September 11, 2023 — The U.S. offshore wind industry, banking on a big boost from the landmark Inflation Reduction Act, has found itself face-to-face with a major hurdle that’s been right there in the name all along: inflation.
In fact, the law might even be making it worse.
More than 10 gigawatts of offshore wind projects along the U.S. East Coast – the equivalent of roughly 10 nuclear power reactors – are at serious risk as higher costs force developers to re-crunch the numbers for proposals originally modeled years ago, before a run-up in interest rates and material costs. Orsted, the Danish wind giant, said this week it’s prepared to walk away from projects unless it gets even more government aid. Other developers are already paying tens of millions in penalties to exit contracts they say no longer make financial sense.

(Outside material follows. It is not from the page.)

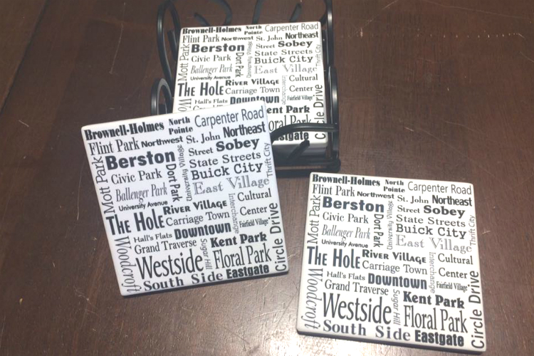 Inspired by all he saw, Conner developed the topic coasters. There are several coaster sets available. The one features Flint streets, but there are others featuring neighborhoods, leaders, antique postcard prints and old business advertisements.

“It’s pretty evident that inflationary pressures have blunted the impact” of the IRA, said Josh Price, a director with Capstone, a Washington-based research group. “It wasn’t a silver bullet.”

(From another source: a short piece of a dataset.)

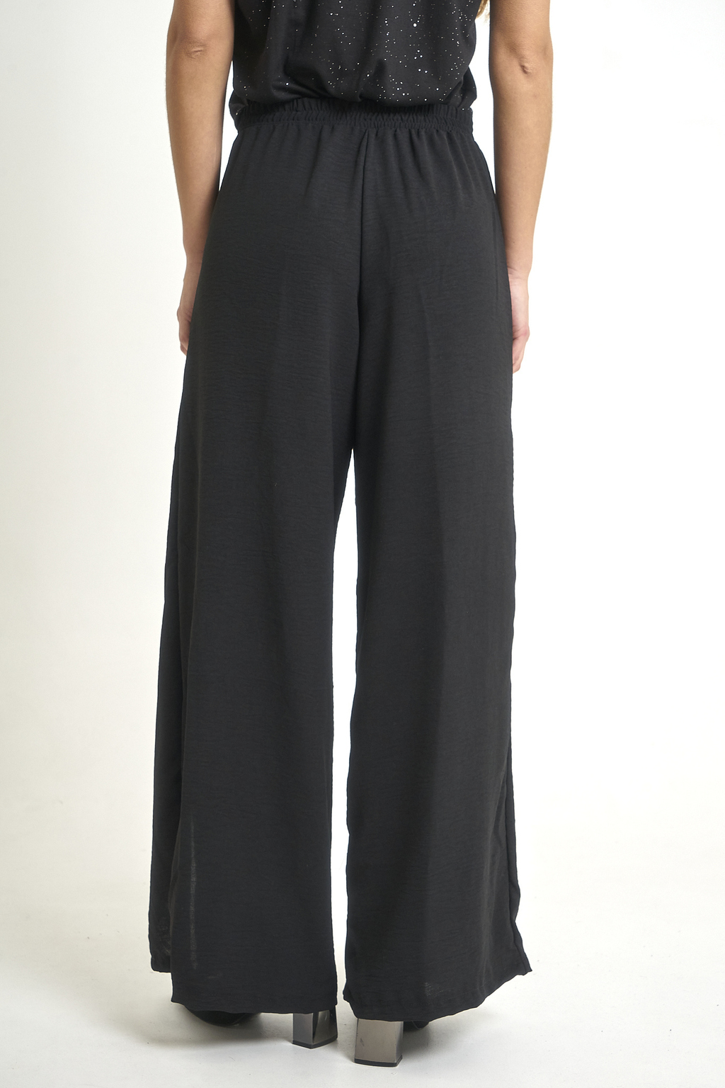 Palazzo de crepe con elástico en cintura y cruce en el frente.

Orsted’s warnings are the most concrete example yet of the limits of the IRA, which was hailed as a key driver for America’s nascent offshore wind industry. While the law provides at least $370 billion in grants, tax credits, and other incentives for climate and clean energy projects, that’s proving no match for rising inflation and borrowing costs. And by dangling higher incentives for companies sourcing U.S.-made parts, it’s fueling demand before the domestic supply chain catches up, driving prices higher still.